§ Exercise objective:
Please output the listing that follows exactly, but keep all images out.

§ Recorded information:
════════════════

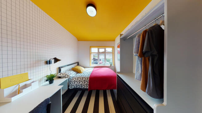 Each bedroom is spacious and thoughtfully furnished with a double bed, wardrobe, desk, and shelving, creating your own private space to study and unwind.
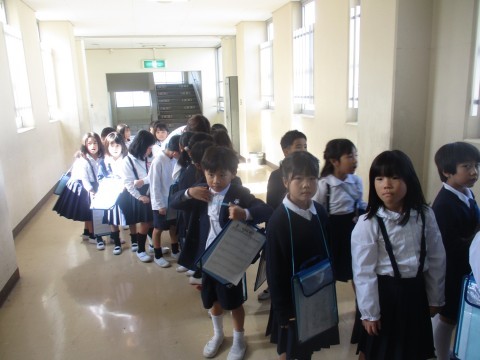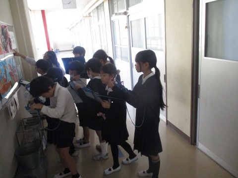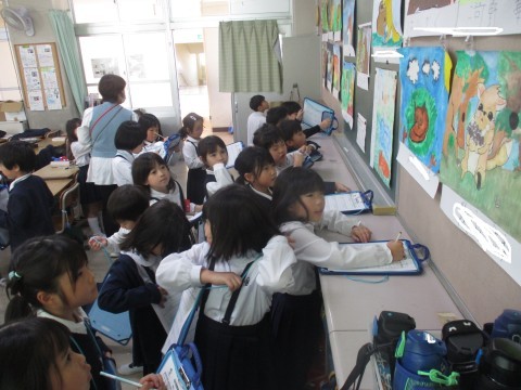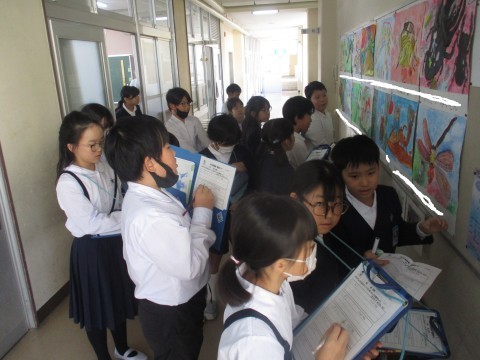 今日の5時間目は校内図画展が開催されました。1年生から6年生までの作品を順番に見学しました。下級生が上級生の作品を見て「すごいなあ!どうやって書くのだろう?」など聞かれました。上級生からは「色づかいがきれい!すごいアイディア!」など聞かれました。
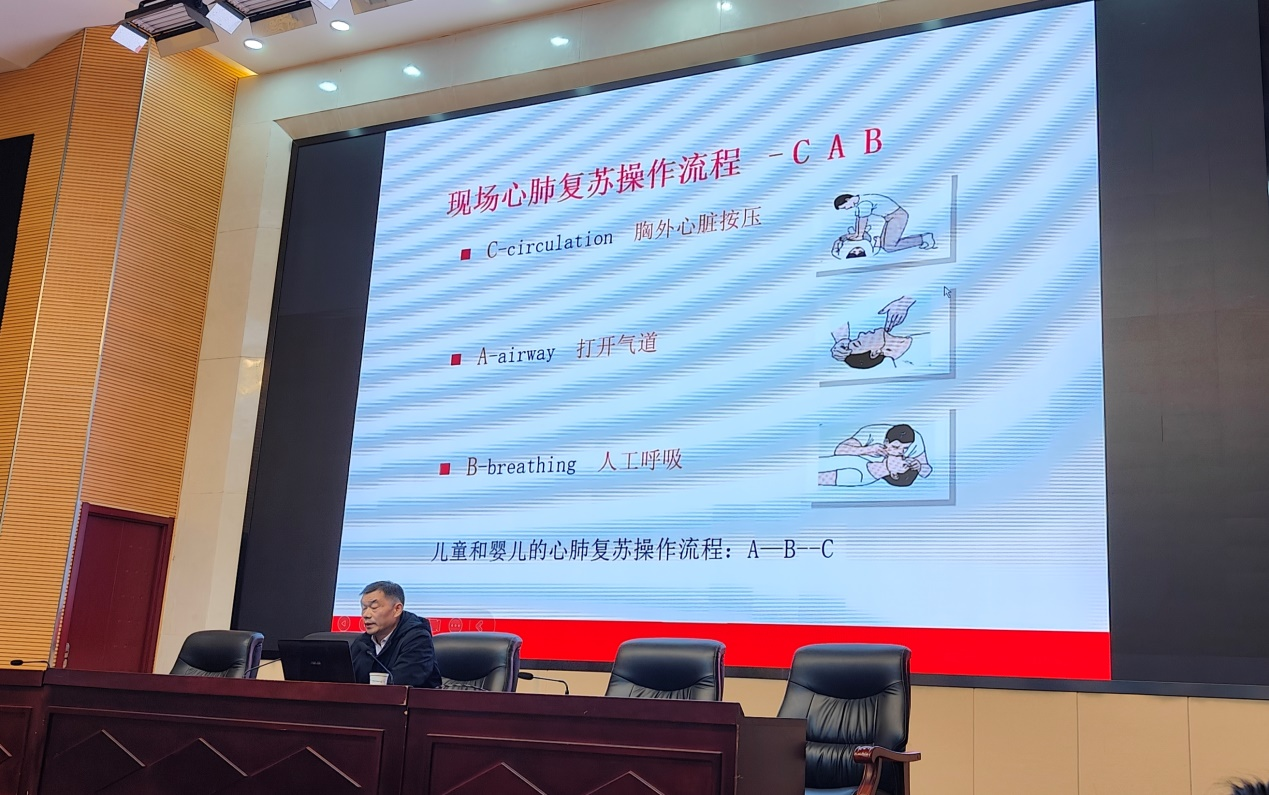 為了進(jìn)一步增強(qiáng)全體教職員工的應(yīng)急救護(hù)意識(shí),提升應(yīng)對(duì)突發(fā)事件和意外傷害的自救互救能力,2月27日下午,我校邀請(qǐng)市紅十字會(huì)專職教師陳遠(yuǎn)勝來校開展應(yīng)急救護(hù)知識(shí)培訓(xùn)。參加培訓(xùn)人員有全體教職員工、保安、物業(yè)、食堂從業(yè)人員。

════════════════

§ Solution:
 Each bedroom is spacious and thoughtfully furnished with a double bed, wardrobe, desk, and shelving, creating your own private space to study and unwind.
 今日の5時間目は校内図画展が開催されました。1年生から6年生までの作品を順番に見学しました。下級生が上級生の作品を見て「すごいなあ!どうやって書くのだろう?」など聞かれました。上級生からは「色づかいがきれい!すごいアイディア!」など聞かれました。
 為了進(jìn)一步增強(qiáng)全體教職員工的應(yīng)急救護(hù)意識(shí),提升應(yīng)對(duì)突發(fā)事件和意外傷害的自救互救能力,2月27日下午,我校邀請(qǐng)市紅十字會(huì)專職教師陳遠(yuǎn)勝來校開展應(yīng)急救護(hù)知識(shí)培訓(xùn)。參加培訓(xùn)人員有全體教職員工、保安、物業(yè)、食堂從業(yè)人員。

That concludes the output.